CourtCourt of Appeals of Texas. Court of Civil Appeals of Texas
Citation558 S.W.2d 47
Docket NumberNo. 8013,8013
PartiesTom JOHNSON, Appellant, v. TEXAS EMPLOYERS INSURANCE ASSOCIATION, Appellee.
Decision Date20 October 1977

Sid S. Stover, Jasper, for appellant.

O. J. Weber, Beaumont, for appellee.

DIES, Chief Justice.

Plaintiff below, Tom Johnson, filed suit against Texas Employers' Insurance Association (T.E.I.A.) in the District Court of Jefferson County for Texas Workmen's Compensation, alleging an accidental injury while employed by Bethlehem Steel Corp. T.E.I.A. answered by a plea in abatement and to the jurisdiction contending that plaintiff's injuries "come solely under the jurisdiction of the Longshoremen (Longshoremen's) & Harbor Worker's (Workers') Act" (L.H.W.C.A.), which the court sustained and from which plaintiff brings this appeal.

Plaintiff's first contention is that his injury was not covered by L.H.W.C.A.

Bethlehem's Beaumont shipyard is located on an island and is engaged in repairing and constructing marine vessels. Plaintiff was an assistant crane operator or "hooker" in the fabrication shop. Steel is brought into this "fab" shop and then fashioned into a component part for the vessel under repair or construction. It (the fab shop) is about 75 to 100 feet from navigable water.

After completion, the component is moved out of the fab shop to the vessel by crane and barge.

At the time of his injury, plaintiff's time was being charged to "No. 1 cross-over" for the new construction of a semisubmersible offshore drilling rig. These vessels float and are moved to a drilling location either by tugs, or some have their own propulsion. The "cross-over car" is part of the superstructure of the vessel. This type of rig has been held a "vessel" as used in 33 U.S.C.A. § 903(a) (1977) hereafter set forth in this opinion. McCarty v. Service Contracting, Inc., 317 F. Supp. 629 (E.D.La.1970); Robichaux v. Kerr McGee Oil Industries, Inc., 317 F.Supp. 587 (W.D.La.1970).

In 1972, Congress added these amendments to the L.H.W.C.A.:

"Compensation shall be payable under this chapter in respect of disability or death of an employee, but only if the disability or death results from an injury occurring upon the navigable waters of the United States (including any adjoining pier, wharf, dry dock, terminal, building way, marine railway, or other adjoining area customarily used by an employer in loading, unloading, repairing, or building a vessel). (33 U.S.C.A. § 903(a) (1977) )

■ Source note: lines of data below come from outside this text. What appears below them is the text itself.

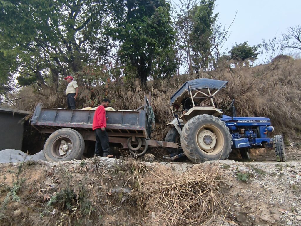 Plus tard, un tracteur entre bruyamment pour livrer du ciment. Je m’étonne auprès de Basanta que les trois hommes ne se relaient pas pour porter les sacs. Il m’explique que celui qui porte est payé davantage, au nombre de sacs transportés. Tout s’explique, même si le pauvre homme devait être épuisé.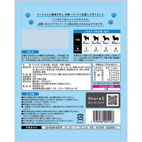 冷凍 I&I Sharez まごころごはんまぐろ 25g×6カップ入り 冷凍商品 冷凍食品 解凍 いぬ 犬 ドッグ ドック ドッグフード ドックフード ごはん ご飯 えさ 餌 おやつ ご褒美 ごほうび 副食 4595988005148 成犬 アダルト 高齢 高齢犬 シニア シニア犬 仔犬 子犬 パピー 全犬種 オールステージ 一般食 20260217 y26m02 kak まぐろ マグロ 鮪 魚 魚肉 フィッシュ 小松菜 かぼちゃ オートミール ふりかけ トッピング 自然解凍 1食 一食 一食分 小分け 小分けカップ 個包装 備蓄 備蓄食 グルテンフリー 小麦不使用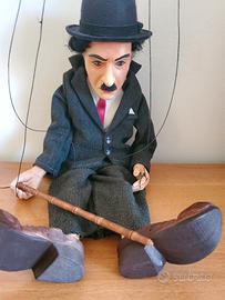 Il personaggio è curato nei dettagli: bombetta nera, baffetti iconici, completo scuro con cravatta rossa, scarpe grandi in stile retrò e bastone in legno. I movimenti sono comandati tramite crociera superiore in legno con fili integri.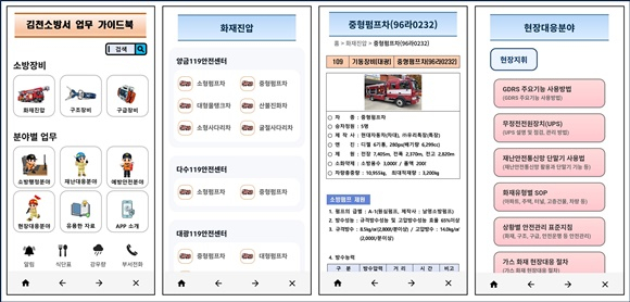 김천소방서는 현장 중심의 신속하고 정확한 업무 수행을 지원하기 위해 내부 전용 모바일 애플리케이션 「김천소방서 업무 가이드북」을 자체 제작하여 본격 운영에 들어갔다.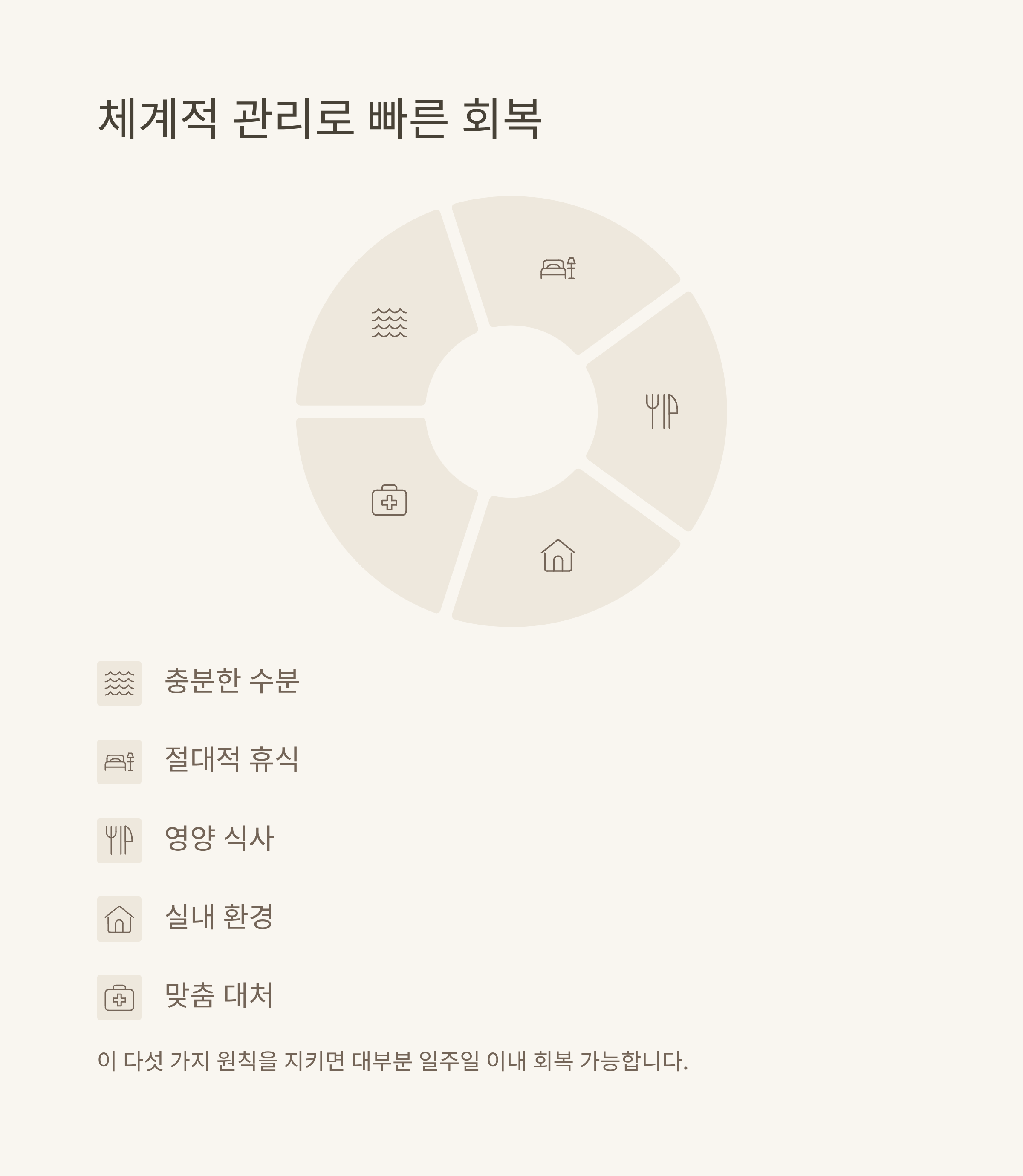 초기 증상을 무시하지 말고 즉시 대응하는 것이 회복 속도를 결정하는 가장 중요한 요인입니다.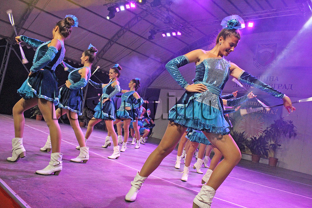 Празничната програма за 70-годишнината на Димитровград завърши с музикален спектакъл, в който на площад „България“ се представиха мажоретни състави и духови оркестри.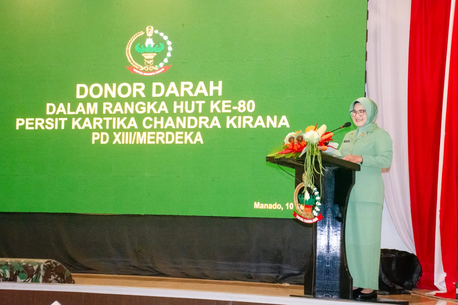 Dalam kesempatan tersebut, Ketua Persit KCK Daerah XIII/Merdeka Ny. Lely Mirza Agus menyampaikan bahwa peringatan HUT ke-80 Persit merupakan momentum yang sangat bermakna untuk merefleksikan peran Persit sebagai pendamping prajurit sekaligus mitra strategis TNI AD dalam mendukung tugas pengabdian kepada bangsa dan negara. Ia menegaskan bahwa melalui kegiatan donor darah ini, Persit tidak hanya menunjukkan kepedulian sosial, tetapi juga menghadirkan wujud nyata kasih sayang dan empati kepada sesama.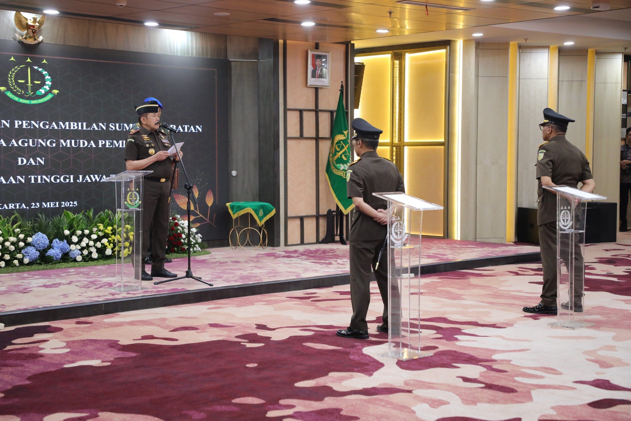 IPNews. Jakarta. Jaksa Agung, Prof. Dr ST Burhanuddin melantik dan mengambil sumpah jabatan Dr. Ponco Hartanto, sebagai Sekretaris Jaksa Agung Muda Pembinaan (Sesjambin) dan Dr. Hendro Dewanto,sebagai Kepala Kejaksaan Tinggi Jawa Tengah (Kajati Jateng), bertempat di Gedung Utama Kejaksaan Agung, Jakarta, Jumat (23/5/2025).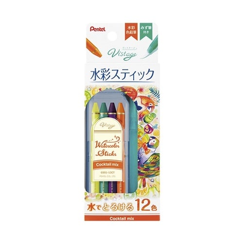 ぺんてる 水彩色鉛筆 ヴィスタージュ 水彩スティック カクテルミックス セット 12色 水筆付き GSS1−12CT 1セット A09G-2391

"The term 'employee' means any person engaged in maritime employment, including any longshoreman or other person engaged in longshoring operations, and any harborworker including a ship repairman, shipbuilder, and shipbreaker . . . . (33 U.S.C.A. § 902(3) (1977) )

"The term 'employer' means an employer any of whose employees are employed in maritime employment, in whole or in part, upon the navigable waters of the United States (including any adjoining pier, wharf, dry dock, terminal, building way, marine railway, or other adjoining area customarily used by an employer in loading, unloading, repairing, or building a vessel). (33 U.S.C.A. § 902(4) (1977) )"

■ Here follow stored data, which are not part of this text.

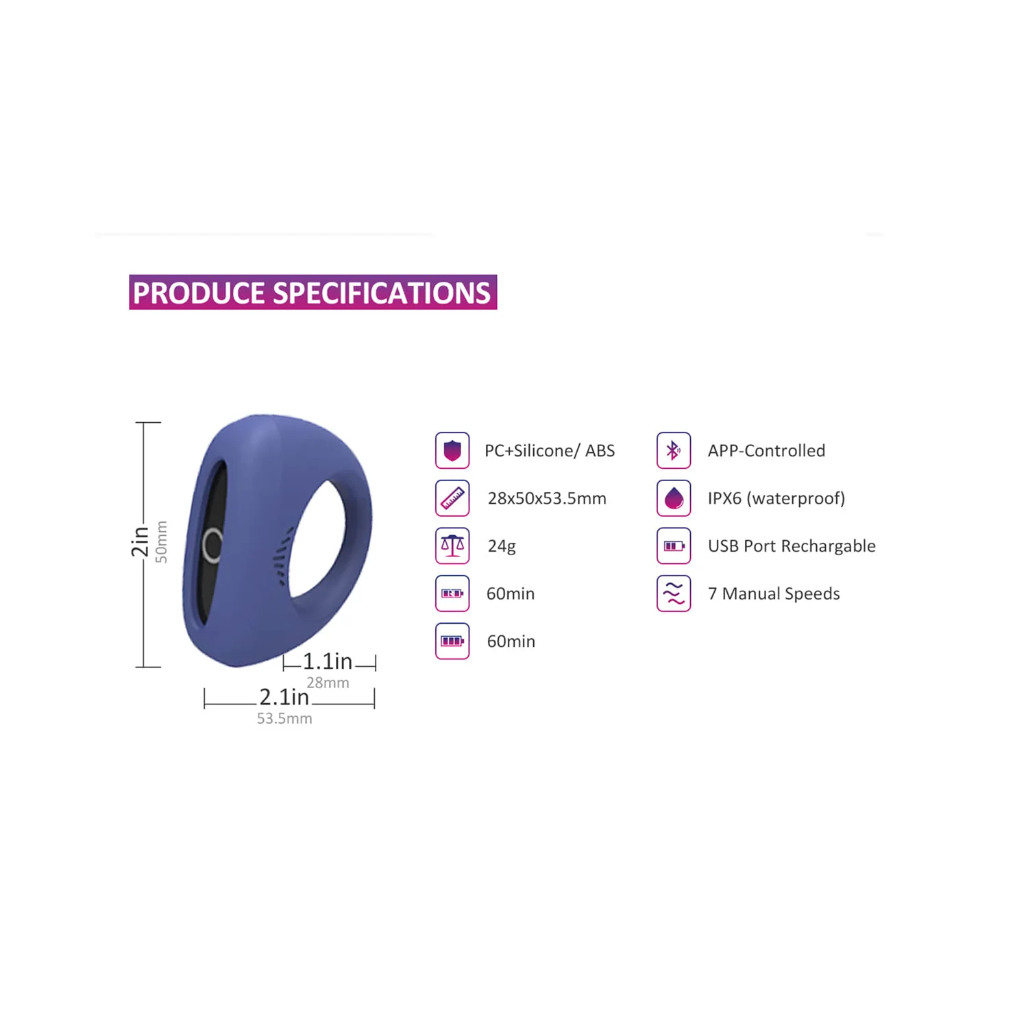 • Control manual con botón físico: 7 funciones de vibración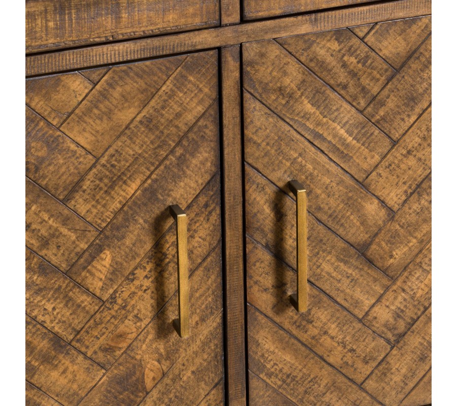 Retro príborník HAVANA ORO s parketovým vzorom na nožičkách zlatej farby 100cm
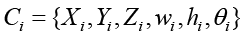 где Xi, Yi, Zi – координаты центра ячейки; wi, hi, – размеры в плоскости стола, θi – ориентация.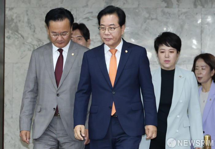 [서울=뉴스핌] 정일구 기자 = 송언석 국민의힘 원내대표가 27일 오전 서울 여의도 국회에서 열린 원내대책회의에 참석하고 있다. 2025.06.27 mironj19@newspim.com
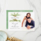 Green and white wedding thank you cards featuring ferns, wildflowers and strawberries and a sage green watercolor wash background.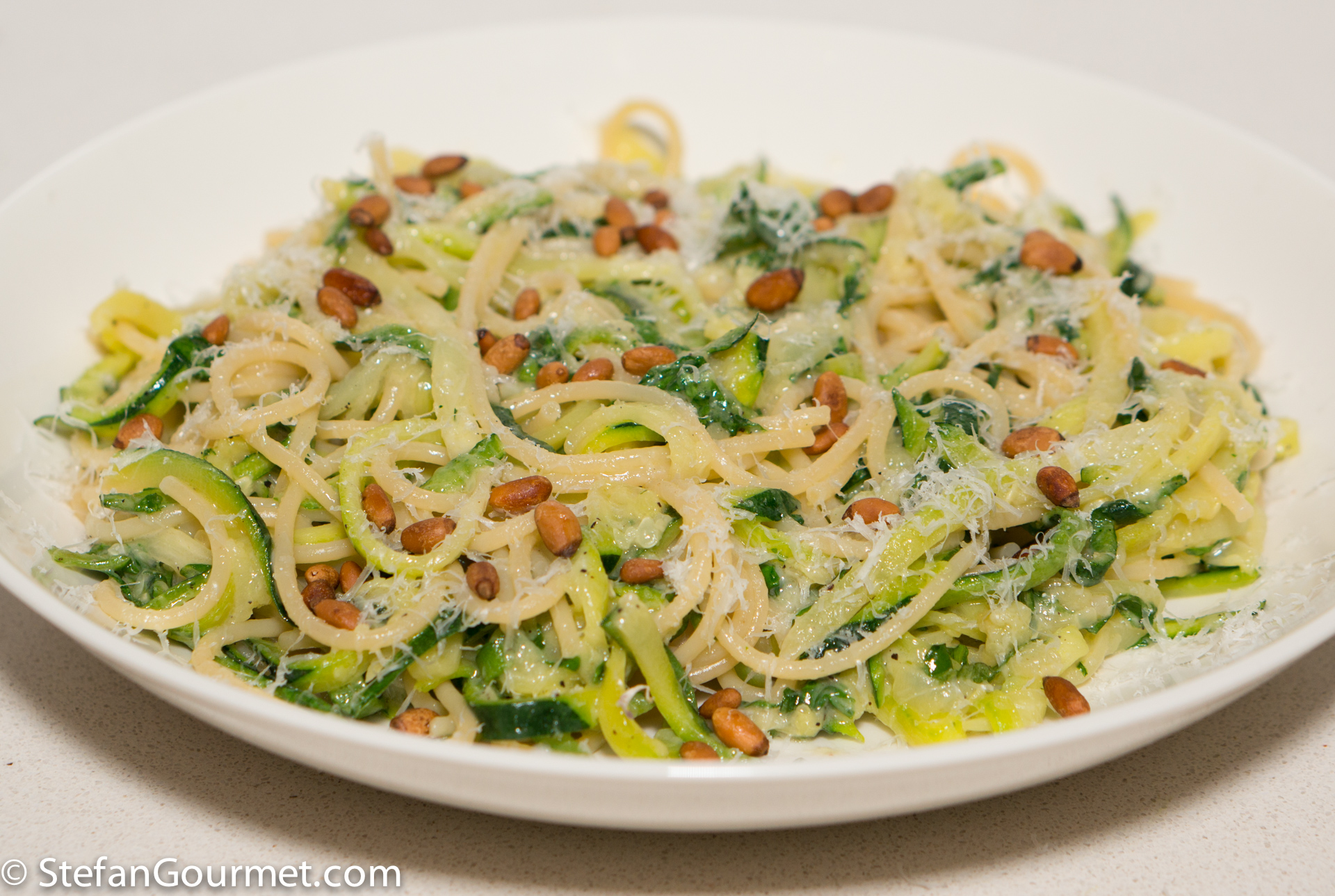 Spiralized Zucchini (also known as zoodles) are well known as a substitute for actual pasta, but I actually mix them with actual pasta and add ‘deconstructed pesto’ for a very tasty dish of tagliatelle (or spaghetti as in the photo) with spiralized zucchini, basil, toasted pine nuts, and parmigiano. This was our primo piatto, followed by: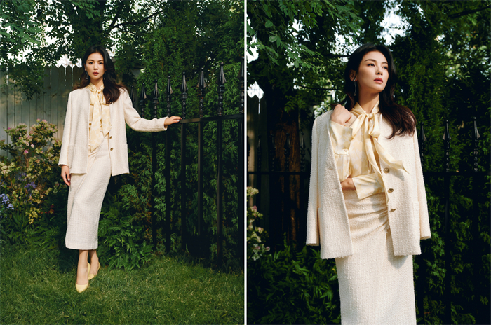 在YINER音儿2023秋冬系列的叙事中,“花园”作为「家」的私密空间外化区域,是花园主人意识层面向外展示的过渡地带,展现了女性柔美的外在形象与坚韧的内在力量。恰如刘涛在多年的演艺事业中,塑造的众多不同背景下的经典女性角色,以百变的形象在多重场所自由切换。生活中的刘涛自信从容,其优雅、大气的风度也深入人心。她游走在演绎角色与表达真我之间,传达着多元化的着装态度。刘涛所展现的都市女性多面魅力,与YINER音儿品牌始终探索都市女性多样化着装需求的理念不谋而合。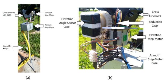 The solar tracker device is constructed in an aluminum frame, with height adjustable by screw on a tripod, equipped with two stepper motors that provide movement in the angles of elevation and azimuth. These stepper motors are connected to the rotation system by endless screw, which amplify movement accuracy, enabling four steps per degree. In addition, the endless screw system allows motion transmission only in the direction of the frame, reducing external wind and gravity action. The light sensor array is positioned at the top of the device, consisting of a 20 cm high and 6 cm wide polyvinyl chloride cross structure and 4 light-dependent sensors. Figure 4 shows the tracking device, with details for the endless screw system.

A very recent opinion of the U.S. Supreme Court, Northeast Marine Terminal Company, Inc. v. Caputo (International Terminal Operating Company, Inc. v. Blundo), --- U.S. ----, 97 S.Ct. 2348, 53 L.Ed.2d 320 (1977), construed these amendments.

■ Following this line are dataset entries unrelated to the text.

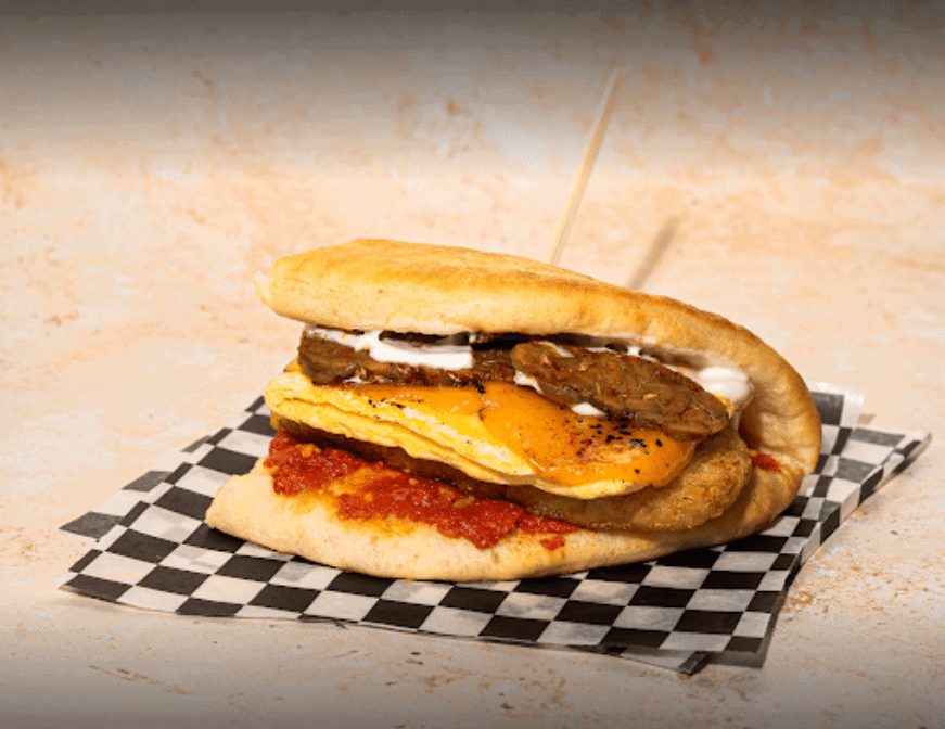 The No Bones Kitchen menu features items such as a breakfast sandwich with JUST Egg and tempeh bacun, a turkey club made with seitan “turkey” slices, and a Beyond Meat sausage roll — to name a few.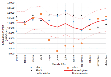 Debido a que existe una variable significativa a los cambios del consumo de energía mes, se plantea un modelo de regresión de una variable que caracteriza el consumo del periodo base seleccionado y que constituye la línea base o consumo de referencia mensual de la edificación.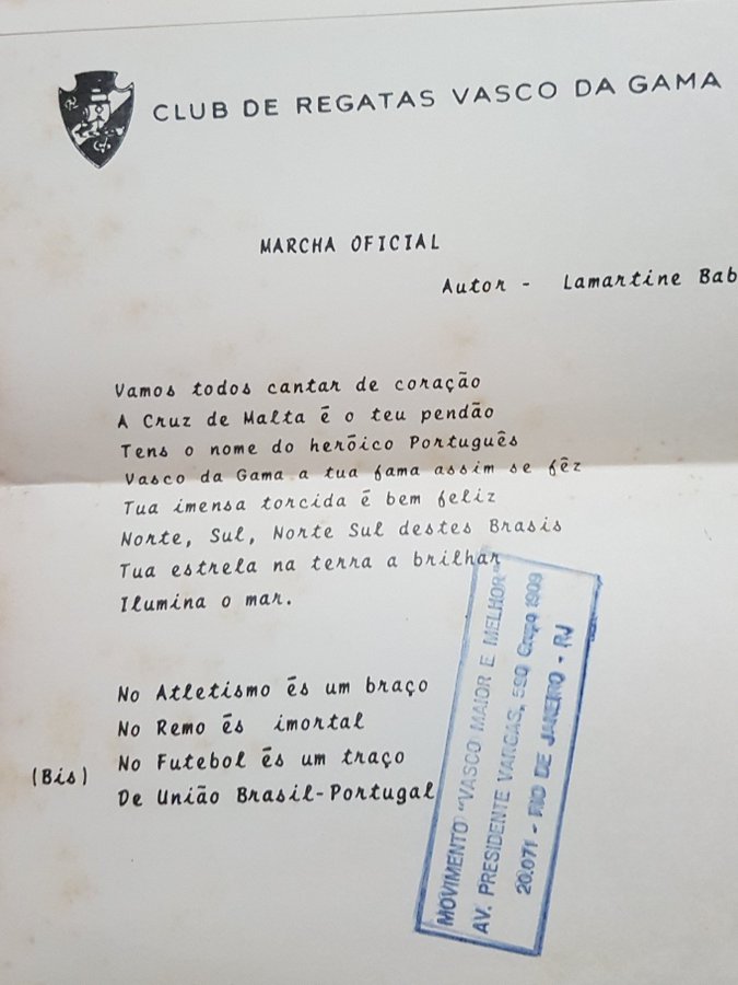 Documento mostra que verso correto no hino do Vasco é 'Norte Sul, Norte Sul destes Brasis'

Respondent Blundo whose job as a "checker" at a pier for petitioner International was to check and mark cargo being unloaded from a vessel or from a container taken off a vessel, was injured when, while marking cargo, he slipped on some ice on the pier.

Respondent Caputo was a terminal laborer hired by Petitioner Northeast to load and unload barges and trucks and received injuries while loading a dolly loaded with ship's cargo into a consignee's truck.

A unanimous Court held that both Blundo and Caputo satisfied the "status" test of eligibility for compensation under the L.H.W.C.A. since they were both engaged in maritime employment and were therefore "employees" with the meaning of 33 U.S.C.A. § 902(3) at the time of their injuries. The injuries of both respondents occurred on a "situs" covered by the Act.

It is obvious that under this decision our plaintiff satisfied the "status" and "situs" requirement of the Act and was an "employee" within the meaning of 33 U.S.C.A. § 902(3) at the time of his injuries. This point is overruled.

Plaintiff's next and last point is that coverage under the Federal Act is not exclusive. 33 U.S.C.A. § 905(a) of the Act provides:

"(a) The liability of an employer prescribed in Section 904 of this title shall be exclusive and in place of all other liability of such employer to the employee, his legal representative, husband or wife, parents, dependents, next of kin, and anyone otherwise entitled to recover damages from such employer."

This section says that if an employer sees that an injured employee secures payment of compensation as required by this Act then the employer is protected from tort liability to such employee. This is the typical provision in State Compensation Acts. There is no indication in this section of the Act that Federal coverage is exclusive of any other.

We have been cited to but one case handed down since the 1972 Amendments on this subject of exclusivity, Poche v. Avondale Shipyards, Inc., 339 So.2d 1212 (La.1976). This case held the Federal Act was not exclusive.

The decisions hold that Federal regulation of a field of commerce should not be deemed to divest state regulatory power unless (1) the nature of the regulated matter permits no other conclusion or (2) that the Congress has unmistakenly so ordained. Askew v. American Waterways Operators, 411 U.S. 325, 93 S.Ct. 1950, 36 L.Ed.2d 280 (1973); Florida Lime & Avocado Growers, Inc. v. Paul, 373 U.S. 132, 83 S.Ct. 1210, 10 L.Ed.2d 248 (1963).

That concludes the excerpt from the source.